TASK OBJECTIVE: For this exercise, repeat the whole listing below exactly. Leave the pictures out.

──────── DATA BLOCK

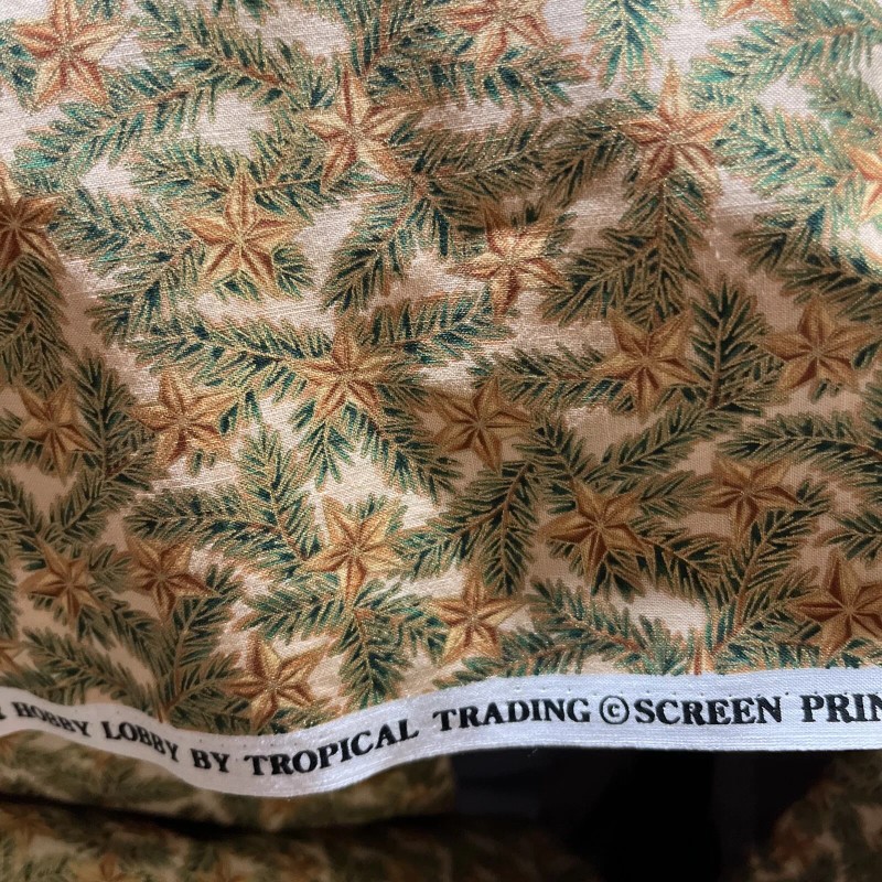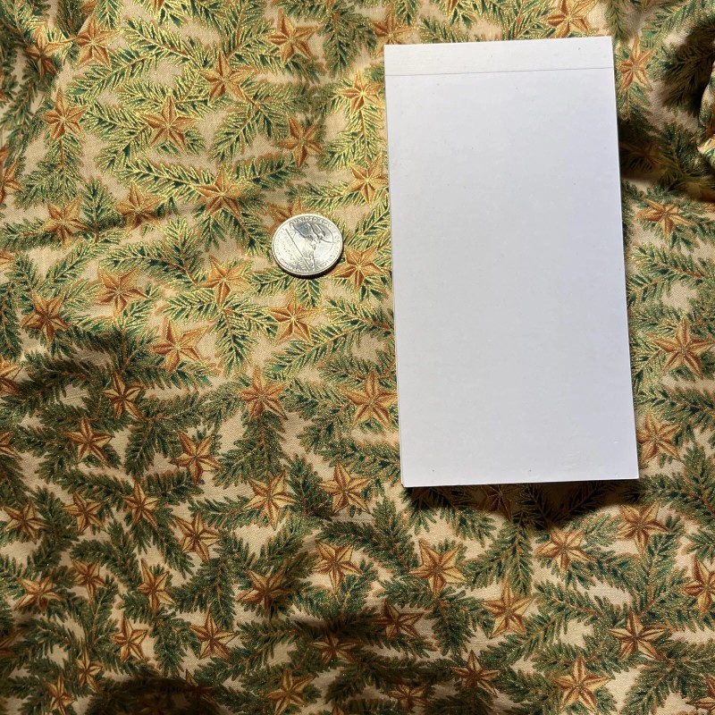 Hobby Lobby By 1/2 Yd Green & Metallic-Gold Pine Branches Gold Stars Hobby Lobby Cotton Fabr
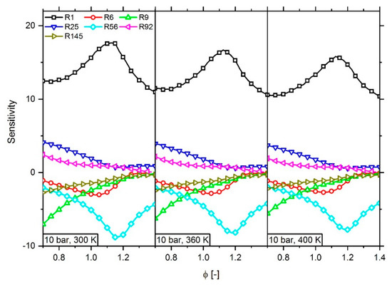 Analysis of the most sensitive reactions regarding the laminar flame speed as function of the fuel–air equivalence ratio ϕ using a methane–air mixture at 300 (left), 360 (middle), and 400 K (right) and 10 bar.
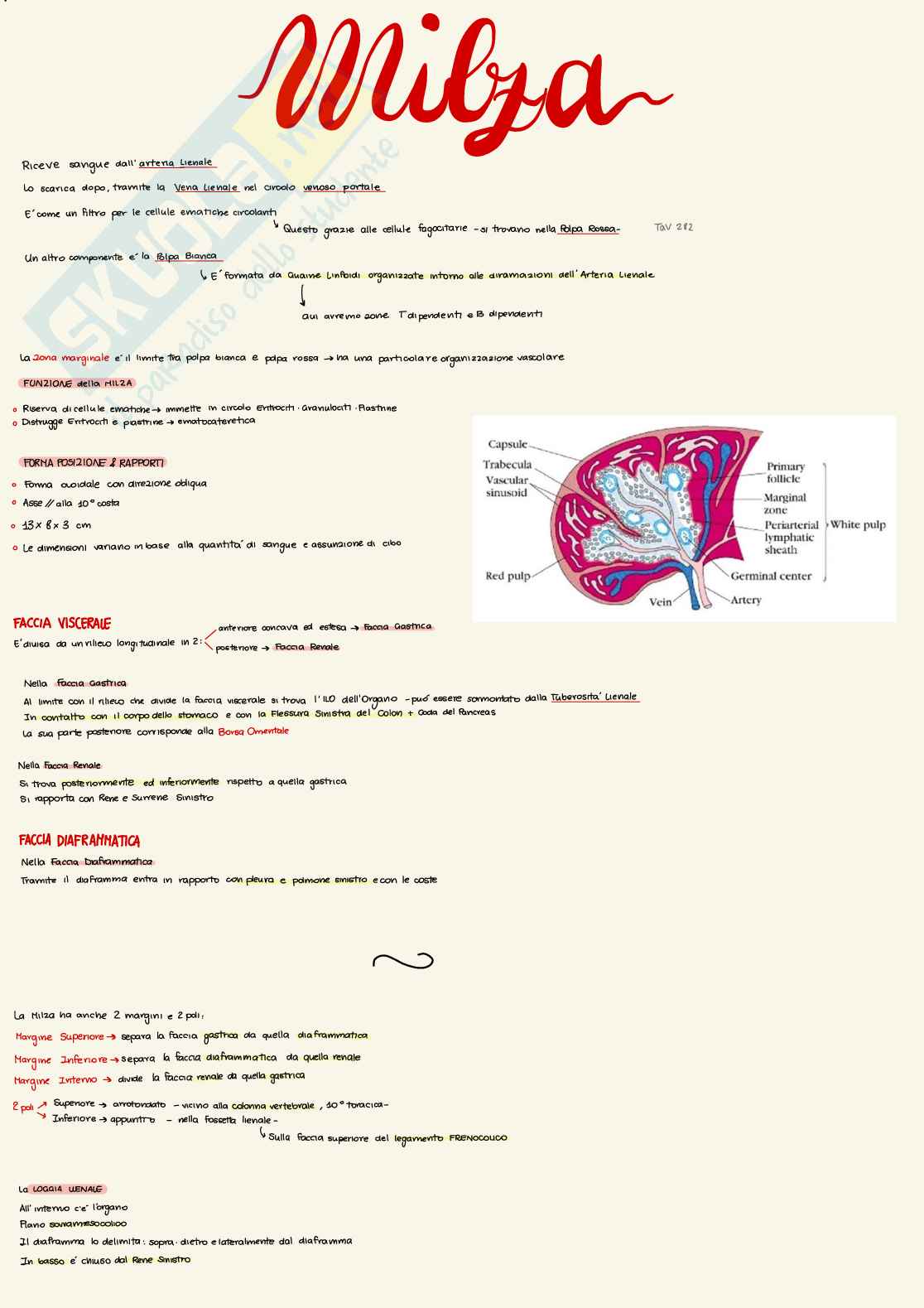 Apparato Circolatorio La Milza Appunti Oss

────────────────

SOLUTION TO THIS TASK:
 Hobby Lobby By 1/2 Yd Green & Metallic-Gold Pine Branches Gold Stars Hobby Lobby Cotton Fabr
 Analysis of the most sensitive reactions regarding the laminar flame speed as function of the fuel–air equivalence ratio ϕ using a methane–air mixture at 300 (left), 360 (middle), and 400 K (right) and 10 bar.
 Apparato Circolatorio La Milza Appunti Oss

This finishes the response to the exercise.